Liger (Linkedin GPU Efficient Runtime) Kernel is a collection of Triton kernels designed specifically for LLM training. We have implemented Hugging Face Compatible RMSNorm, RoPE, SwiGLU, CrossEntropy, FusedLinearCrossEntropy, and more to come. It can effectively increase multi-GPU training throughput by 20% and reduces memory usage by 60%. The kernel works out of the box with flash attention, PyTorch FSDP, and Microsoft DeepSpeed. We welcome contributions from the community to gather the best kernels for LLM training.
Liger Kernel用于加速训练,减小训练峰值显存,主要就是在transformers包的基础上,从liger_kernel.transformers包中,导入了一个apply_liger_kernel_to_xxx()的函数,用于替换原始transformers包写的各个组件,这些组件都是用triton重写加速过的。
举个例子,下面是apply_liger_kernel_to_llama()函数的内容:就是把原始modeling_xxx的ROPE、RMS_Norm、Swiglu、Cross_Entorpy等模块给替换掉。
def apply_liger_kernel_to_llama(
rope: bool = True,
cross_entropy: bool = False,
fused_linear_cross_entropy: bool = True,
rms_norm: bool = True,
swiglu: bool = True,
model: PreTrainedModel = None,
) -> None:
"""
Apply Liger kernels to replace original implementation in HuggingFace Llama models (2 and 3)
Args:
rope (bool): Whether to apply Liger's rotary position embedding. Default is True.

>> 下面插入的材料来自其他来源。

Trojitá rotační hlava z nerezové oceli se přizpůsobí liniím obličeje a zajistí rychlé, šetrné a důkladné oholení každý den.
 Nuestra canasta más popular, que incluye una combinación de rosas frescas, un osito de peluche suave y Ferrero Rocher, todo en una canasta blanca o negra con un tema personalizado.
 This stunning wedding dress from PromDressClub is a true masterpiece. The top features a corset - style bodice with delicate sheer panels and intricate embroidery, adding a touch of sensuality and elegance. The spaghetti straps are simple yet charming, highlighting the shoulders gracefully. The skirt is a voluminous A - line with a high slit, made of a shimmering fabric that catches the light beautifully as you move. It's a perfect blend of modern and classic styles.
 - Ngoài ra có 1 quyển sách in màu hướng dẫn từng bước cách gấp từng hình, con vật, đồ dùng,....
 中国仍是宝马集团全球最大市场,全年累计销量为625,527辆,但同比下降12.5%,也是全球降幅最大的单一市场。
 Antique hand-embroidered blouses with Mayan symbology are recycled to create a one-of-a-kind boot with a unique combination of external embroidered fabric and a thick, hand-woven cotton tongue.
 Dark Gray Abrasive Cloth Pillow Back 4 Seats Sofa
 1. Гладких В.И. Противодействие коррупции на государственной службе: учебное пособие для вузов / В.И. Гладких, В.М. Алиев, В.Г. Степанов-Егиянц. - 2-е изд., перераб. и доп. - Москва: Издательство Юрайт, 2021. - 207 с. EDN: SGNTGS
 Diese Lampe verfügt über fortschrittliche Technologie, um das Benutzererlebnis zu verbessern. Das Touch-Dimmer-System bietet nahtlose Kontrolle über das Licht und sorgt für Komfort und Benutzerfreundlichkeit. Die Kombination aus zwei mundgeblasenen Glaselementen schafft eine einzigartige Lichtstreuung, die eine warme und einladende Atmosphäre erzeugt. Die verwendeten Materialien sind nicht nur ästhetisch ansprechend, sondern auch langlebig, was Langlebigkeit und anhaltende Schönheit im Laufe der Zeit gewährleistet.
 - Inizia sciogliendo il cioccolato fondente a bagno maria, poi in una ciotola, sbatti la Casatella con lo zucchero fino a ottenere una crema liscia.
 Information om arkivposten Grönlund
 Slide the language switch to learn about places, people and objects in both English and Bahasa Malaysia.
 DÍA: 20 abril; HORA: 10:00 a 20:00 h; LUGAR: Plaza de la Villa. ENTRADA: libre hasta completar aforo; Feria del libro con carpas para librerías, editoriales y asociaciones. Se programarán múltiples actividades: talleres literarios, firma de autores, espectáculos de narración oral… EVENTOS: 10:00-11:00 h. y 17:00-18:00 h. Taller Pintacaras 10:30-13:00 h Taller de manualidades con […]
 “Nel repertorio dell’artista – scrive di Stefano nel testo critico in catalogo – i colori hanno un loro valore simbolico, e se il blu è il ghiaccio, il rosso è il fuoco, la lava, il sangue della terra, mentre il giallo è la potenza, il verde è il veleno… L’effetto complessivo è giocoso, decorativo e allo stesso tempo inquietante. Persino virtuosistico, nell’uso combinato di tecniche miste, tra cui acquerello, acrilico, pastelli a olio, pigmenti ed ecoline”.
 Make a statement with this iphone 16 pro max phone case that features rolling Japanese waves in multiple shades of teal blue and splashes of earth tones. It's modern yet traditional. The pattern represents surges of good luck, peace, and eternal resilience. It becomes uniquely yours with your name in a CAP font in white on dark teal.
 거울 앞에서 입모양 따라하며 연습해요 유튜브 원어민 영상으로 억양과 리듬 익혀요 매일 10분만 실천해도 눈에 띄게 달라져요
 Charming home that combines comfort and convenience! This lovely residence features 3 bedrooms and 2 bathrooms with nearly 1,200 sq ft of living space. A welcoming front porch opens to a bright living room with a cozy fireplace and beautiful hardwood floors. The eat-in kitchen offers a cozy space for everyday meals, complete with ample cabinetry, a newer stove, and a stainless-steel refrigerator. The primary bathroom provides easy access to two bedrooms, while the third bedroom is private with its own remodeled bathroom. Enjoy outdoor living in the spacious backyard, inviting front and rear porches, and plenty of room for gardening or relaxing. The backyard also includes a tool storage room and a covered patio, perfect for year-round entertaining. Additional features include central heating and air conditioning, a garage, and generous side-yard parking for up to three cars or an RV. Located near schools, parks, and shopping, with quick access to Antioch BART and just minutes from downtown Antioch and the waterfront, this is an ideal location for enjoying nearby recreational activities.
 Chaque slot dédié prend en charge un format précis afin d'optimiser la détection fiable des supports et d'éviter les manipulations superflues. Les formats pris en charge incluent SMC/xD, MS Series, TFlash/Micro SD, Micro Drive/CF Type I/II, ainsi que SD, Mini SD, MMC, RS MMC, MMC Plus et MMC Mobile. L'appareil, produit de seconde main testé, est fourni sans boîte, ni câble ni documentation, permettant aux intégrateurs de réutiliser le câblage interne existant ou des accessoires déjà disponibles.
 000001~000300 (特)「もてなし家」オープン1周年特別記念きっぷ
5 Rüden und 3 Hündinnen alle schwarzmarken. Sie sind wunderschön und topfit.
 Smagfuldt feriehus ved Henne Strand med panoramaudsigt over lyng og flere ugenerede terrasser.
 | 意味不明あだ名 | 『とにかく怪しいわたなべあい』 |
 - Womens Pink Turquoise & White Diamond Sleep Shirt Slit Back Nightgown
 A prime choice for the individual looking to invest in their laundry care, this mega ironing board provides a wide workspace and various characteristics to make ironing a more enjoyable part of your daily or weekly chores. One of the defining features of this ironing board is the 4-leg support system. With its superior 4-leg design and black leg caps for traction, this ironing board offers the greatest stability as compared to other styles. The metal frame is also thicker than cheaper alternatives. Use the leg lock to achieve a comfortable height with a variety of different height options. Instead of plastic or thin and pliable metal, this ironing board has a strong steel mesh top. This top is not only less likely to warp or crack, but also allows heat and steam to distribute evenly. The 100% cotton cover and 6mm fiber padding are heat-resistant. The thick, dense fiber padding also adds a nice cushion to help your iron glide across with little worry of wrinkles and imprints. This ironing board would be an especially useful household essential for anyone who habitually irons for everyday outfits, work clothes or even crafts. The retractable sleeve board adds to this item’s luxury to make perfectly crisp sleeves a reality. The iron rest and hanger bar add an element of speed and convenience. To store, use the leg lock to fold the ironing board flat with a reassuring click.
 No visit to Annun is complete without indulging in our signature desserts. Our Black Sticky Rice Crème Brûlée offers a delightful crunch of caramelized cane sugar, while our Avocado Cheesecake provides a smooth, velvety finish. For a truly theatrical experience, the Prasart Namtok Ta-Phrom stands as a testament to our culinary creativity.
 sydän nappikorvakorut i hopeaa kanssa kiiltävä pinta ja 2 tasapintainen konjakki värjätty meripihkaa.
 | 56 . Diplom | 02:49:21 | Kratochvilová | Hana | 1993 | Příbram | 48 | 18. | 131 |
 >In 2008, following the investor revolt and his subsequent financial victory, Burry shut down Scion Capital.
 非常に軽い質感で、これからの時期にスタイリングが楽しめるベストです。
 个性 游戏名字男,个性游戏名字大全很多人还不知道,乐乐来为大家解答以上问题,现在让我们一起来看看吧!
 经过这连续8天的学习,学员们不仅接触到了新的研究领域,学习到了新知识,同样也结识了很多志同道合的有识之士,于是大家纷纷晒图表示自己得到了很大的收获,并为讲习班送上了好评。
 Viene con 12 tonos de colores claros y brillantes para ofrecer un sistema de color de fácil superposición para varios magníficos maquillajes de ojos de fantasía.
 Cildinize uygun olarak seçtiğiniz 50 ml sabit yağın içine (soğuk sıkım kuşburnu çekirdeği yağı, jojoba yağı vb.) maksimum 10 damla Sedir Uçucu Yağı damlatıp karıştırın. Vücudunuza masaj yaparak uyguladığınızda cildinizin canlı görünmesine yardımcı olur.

cross_entropy (bool): Whether to apply Liger's cross entropy loss. Default is False.
fused_linear_cross_entropy (bool):
Whether to apply Liger's fused linear cross entropy loss. Default is True.
`cross_entropy` and `fused_linear_cross_entropy` cannot both be True.
If `fused_linear_cross_entropy` is True, the logits will not be materialized but more memory efficient.
rms_norm (bool): Whether to apply Liger's RMSNorm. Default is True.
swiglu (bool): Whether to apply Liger's SwiGLU MLP. Default is True.
model (PreTrainedModel): The model instance to apply Liger kernels to, if the model has already been
loaded. Default is None.
"""
assert not (
cross_entropy and fused_linear_cross_entropy
), "cross_entropy and fused_linear_cross_entropy cannot both be True."
from transformers.models.llama import modeling_llama
if rope:
modeling_llama.apply_rotary_pos_emb = liger_rotary_pos_emb
if rms_norm:
modeling_llama.LlamaRMSNorm = LigerRMSNorm
if swiglu:
modeling_llama.LlamaMLP = LigerSwiGLUMLP
if cross_entropy:
modeling_llama.CrossEntropyLoss = LigerCrossEntropyLoss
if fused_linear_cross_entropy:
modeling_llama.LlamaForCausalLM.forward = llama_lce_forward
if model is not None:
# The model instance already exists, so we need to additionally patch the
# instance variables that reference already-instantiated modules (e.g. LlamaRMSNorm or LlamaMLP)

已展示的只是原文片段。